TASK GOAL ▸ Look in the data below for the line that has "上图右:飞龙在天(据汉画像石兽身龙绘) 翟承海", then print exactly every line from there through the line that has "Son design ingénieux", leaving pictures out.

PROVIDED ENTRIES ▸
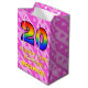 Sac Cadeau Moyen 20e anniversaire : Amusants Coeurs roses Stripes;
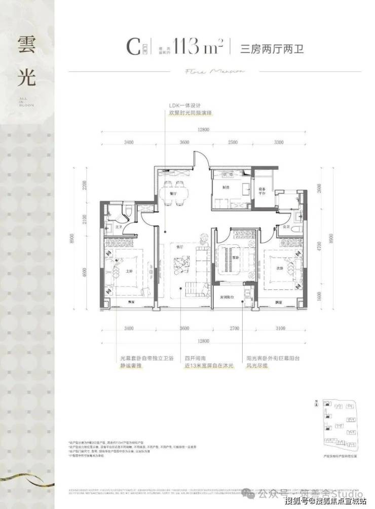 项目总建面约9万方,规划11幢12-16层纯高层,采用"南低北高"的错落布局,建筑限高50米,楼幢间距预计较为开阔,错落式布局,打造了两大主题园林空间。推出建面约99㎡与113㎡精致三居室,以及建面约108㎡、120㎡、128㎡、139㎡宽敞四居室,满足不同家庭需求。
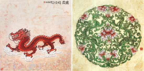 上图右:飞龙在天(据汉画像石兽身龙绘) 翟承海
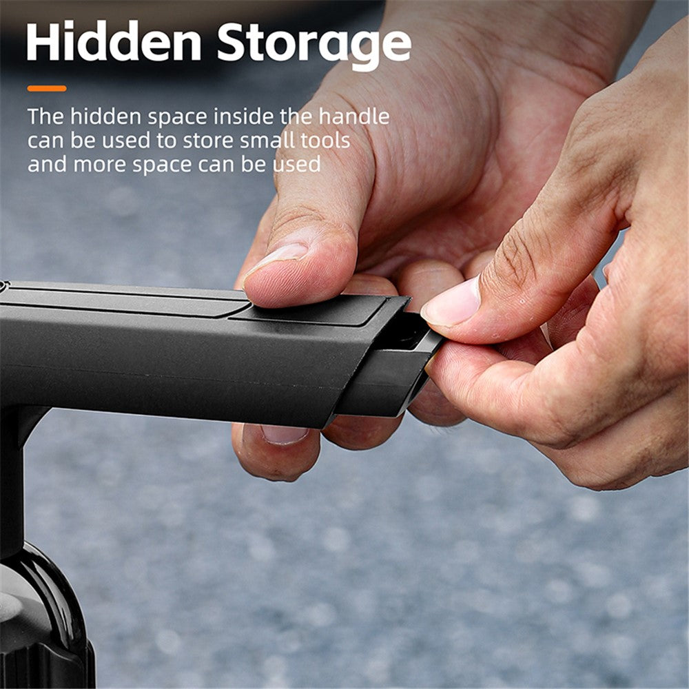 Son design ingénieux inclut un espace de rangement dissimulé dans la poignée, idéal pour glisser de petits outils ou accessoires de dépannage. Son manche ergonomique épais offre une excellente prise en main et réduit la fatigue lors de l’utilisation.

==

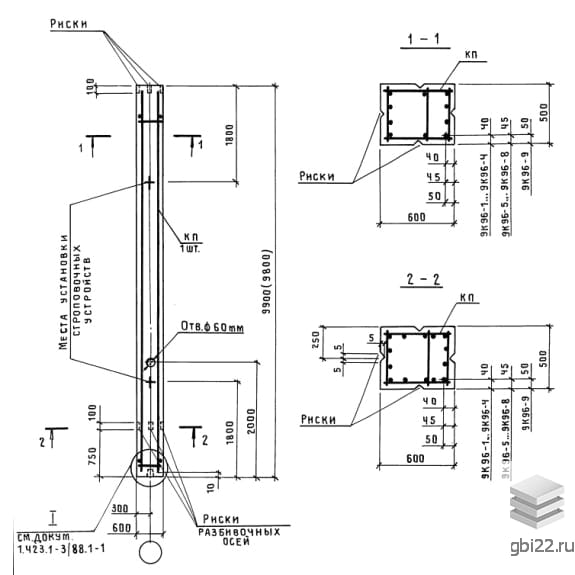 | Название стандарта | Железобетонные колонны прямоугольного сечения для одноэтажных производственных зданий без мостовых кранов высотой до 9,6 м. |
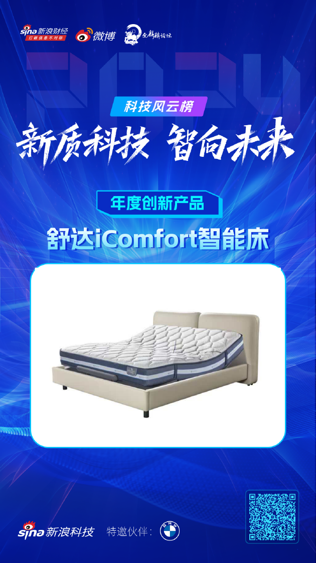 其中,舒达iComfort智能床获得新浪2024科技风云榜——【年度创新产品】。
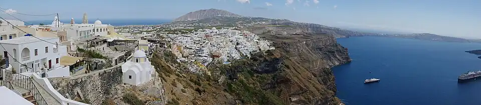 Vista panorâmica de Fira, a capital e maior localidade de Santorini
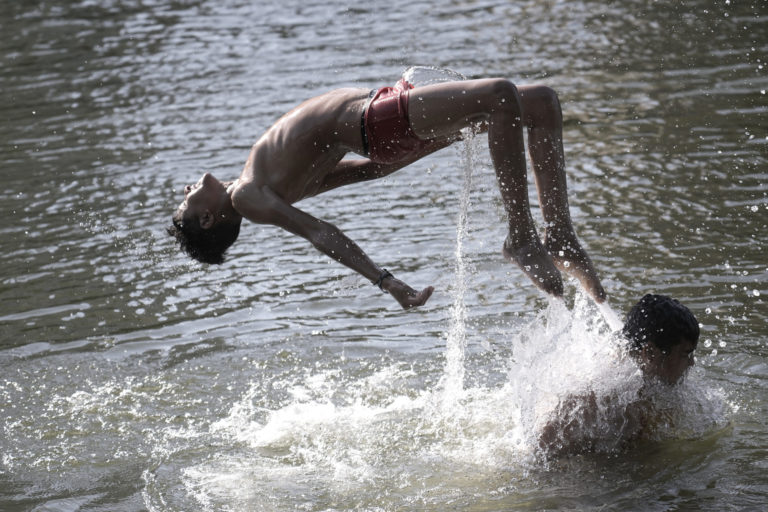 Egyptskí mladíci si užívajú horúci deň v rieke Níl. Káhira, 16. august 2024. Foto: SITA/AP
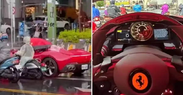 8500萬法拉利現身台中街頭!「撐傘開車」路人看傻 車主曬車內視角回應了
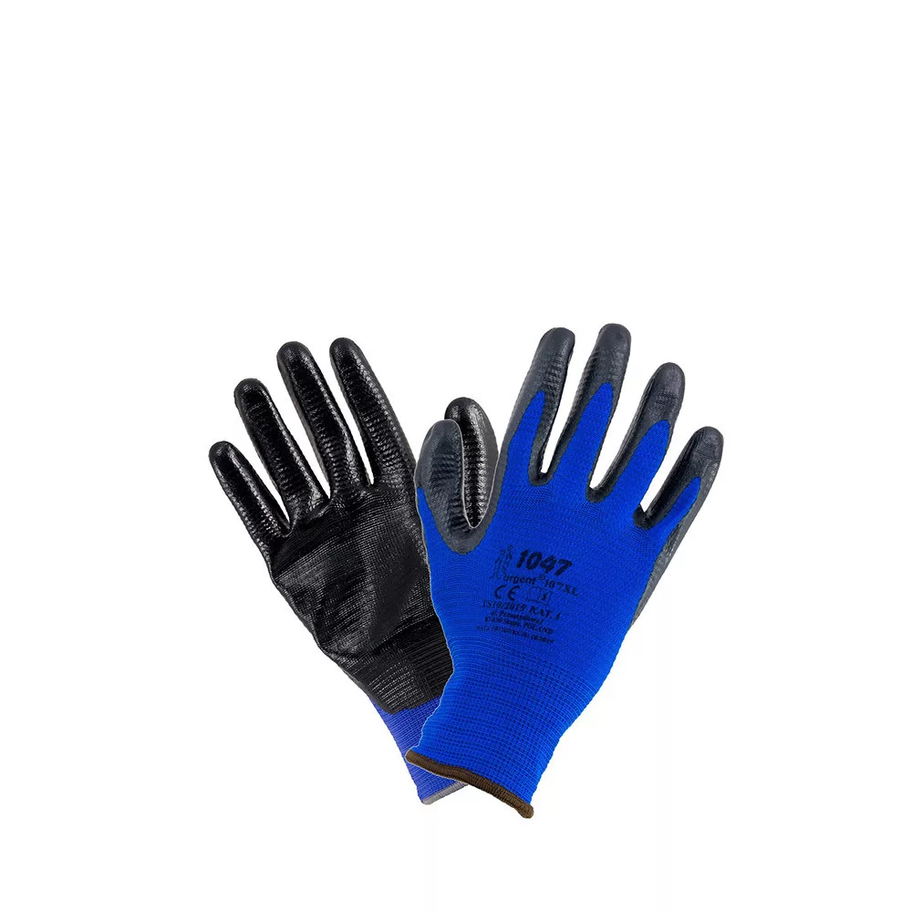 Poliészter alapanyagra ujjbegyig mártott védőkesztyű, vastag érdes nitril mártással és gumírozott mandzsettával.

EXERCISE RESPONSE ▸
 上图右:飞龙在天(据汉画像石兽身龙绘) 翟承海
 Son design ingénieux inclut un espace de rangement dissimulé dans la poignée, idéal pour glisser de petits outils ou accessoires de dépannage. Son manche ergonomique épais offre une excellente prise en main et réduit la fatigue lors de l’utilisation.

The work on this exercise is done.